Using the listing below, print the line containing "Peyote and Brick", the line containing "El Bitcoin ($BTC)", and each line between them, exactly and nothing else. Pictures stay out of the print.

Entries supplied:
■ ■ ■ ■ ■

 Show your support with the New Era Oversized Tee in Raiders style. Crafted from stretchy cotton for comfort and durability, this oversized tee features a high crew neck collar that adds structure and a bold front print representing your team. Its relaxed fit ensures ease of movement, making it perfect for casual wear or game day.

■ ■ ■ ■ ■

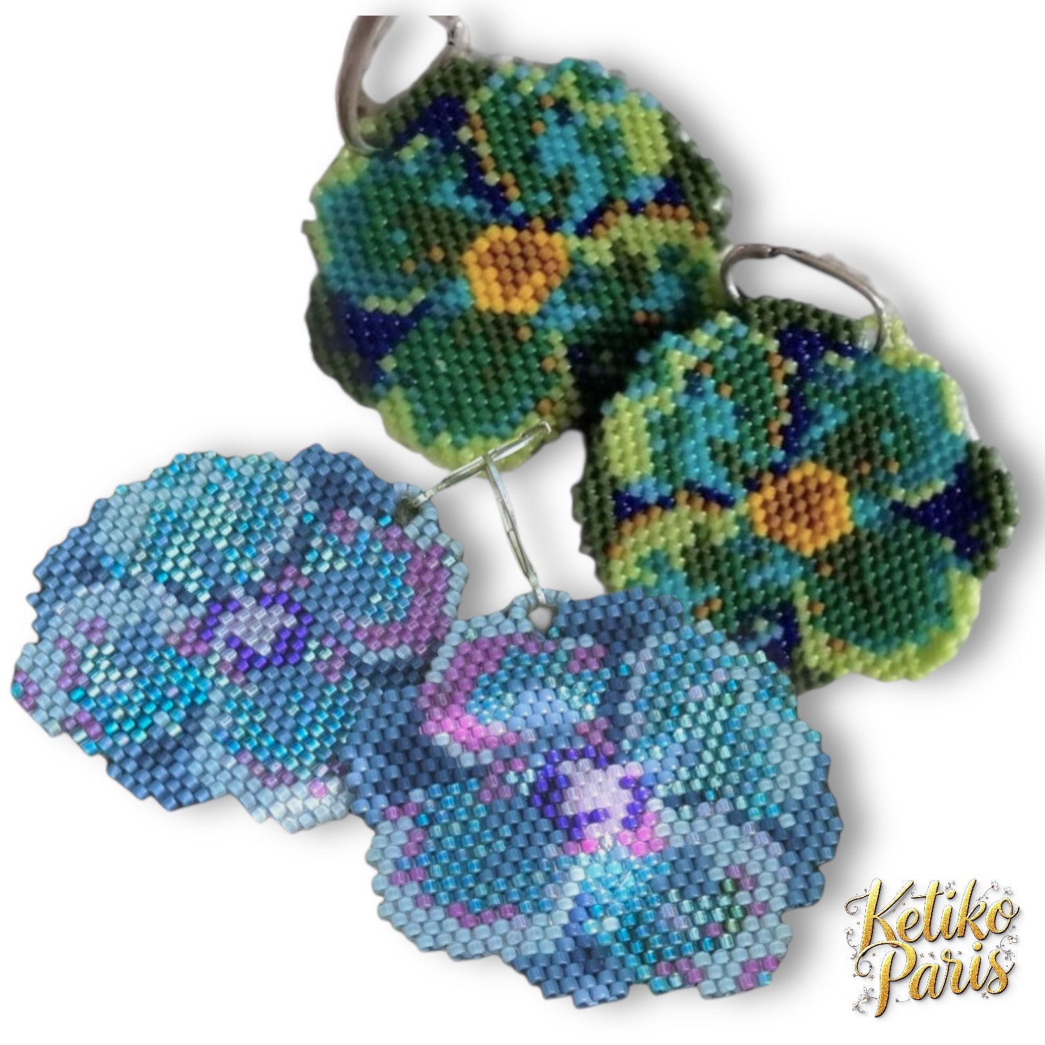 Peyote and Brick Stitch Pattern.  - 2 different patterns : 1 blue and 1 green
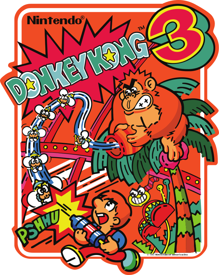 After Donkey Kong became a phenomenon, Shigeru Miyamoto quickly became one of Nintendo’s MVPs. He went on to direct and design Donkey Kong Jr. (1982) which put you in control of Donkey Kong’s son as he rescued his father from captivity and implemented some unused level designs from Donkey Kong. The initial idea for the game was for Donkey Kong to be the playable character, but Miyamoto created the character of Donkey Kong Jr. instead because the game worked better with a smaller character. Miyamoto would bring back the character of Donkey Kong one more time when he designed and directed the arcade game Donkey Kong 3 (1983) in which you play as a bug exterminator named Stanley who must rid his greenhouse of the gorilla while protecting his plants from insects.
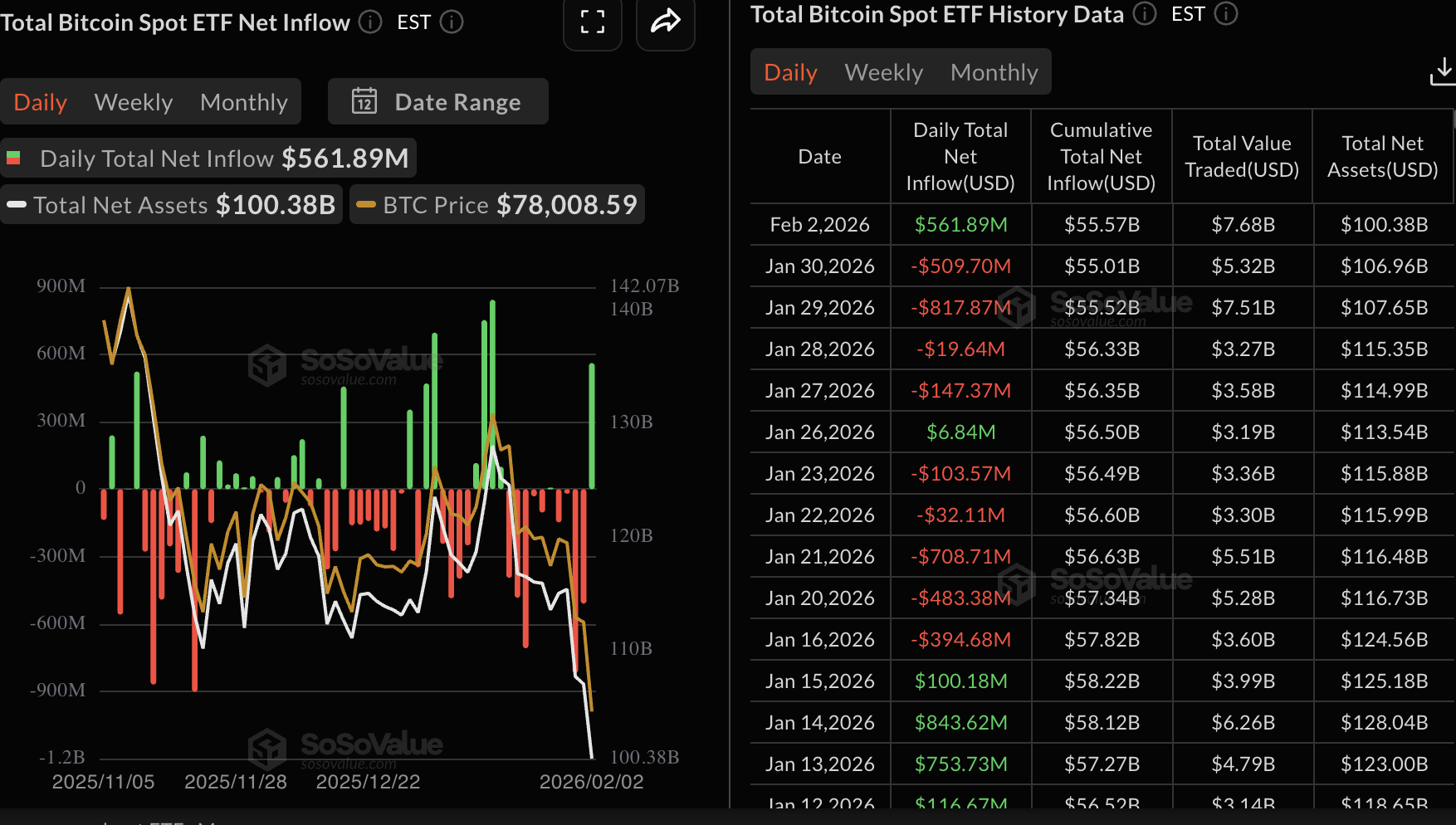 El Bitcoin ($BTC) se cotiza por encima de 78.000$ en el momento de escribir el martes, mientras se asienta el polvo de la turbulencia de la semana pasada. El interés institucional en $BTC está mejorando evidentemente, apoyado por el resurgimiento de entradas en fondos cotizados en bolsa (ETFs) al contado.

■ ■ ■ ■ ■

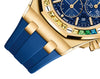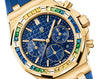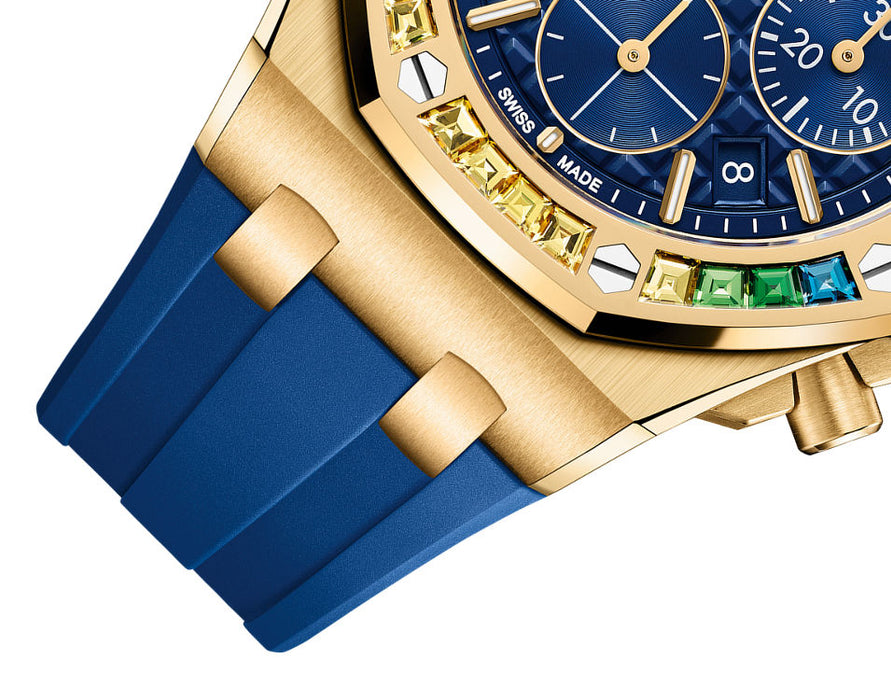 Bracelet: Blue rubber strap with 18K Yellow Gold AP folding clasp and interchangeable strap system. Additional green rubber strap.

■ ■ ■ ■ ■

Exercise output:
 Peyote and Brick Stitch Pattern.  - 2 different patterns : 1 blue and 1 green
 After Donkey Kong became a phenomenon, Shigeru Miyamoto quickly became one of Nintendo’s MVPs. He went on to direct and design Donkey Kong Jr. (1982) which put you in control of Donkey Kong’s son as he rescued his father from captivity and implemented some unused level designs from Donkey Kong. The initial idea for the game was for Donkey Kong to be the playable character, but Miyamoto created the character of Donkey Kong Jr. instead because the game worked better with a smaller character. Miyamoto would bring back the character of Donkey Kong one more time when he designed and directed the arcade game Donkey Kong 3 (1983) in which you play as a bug exterminator named Stanley who must rid his greenhouse of the gorilla while protecting his plants from insects.
 El Bitcoin ($BTC) se cotiza por encima de 78.000$ en el momento de escribir el martes, mientras se asienta el polvo de la turbulencia de la semana pasada. El interés institucional en $BTC está mejorando evidentemente, apoyado por el resurgimiento de entradas en fondos cotizados en bolsa (ETFs) al contado.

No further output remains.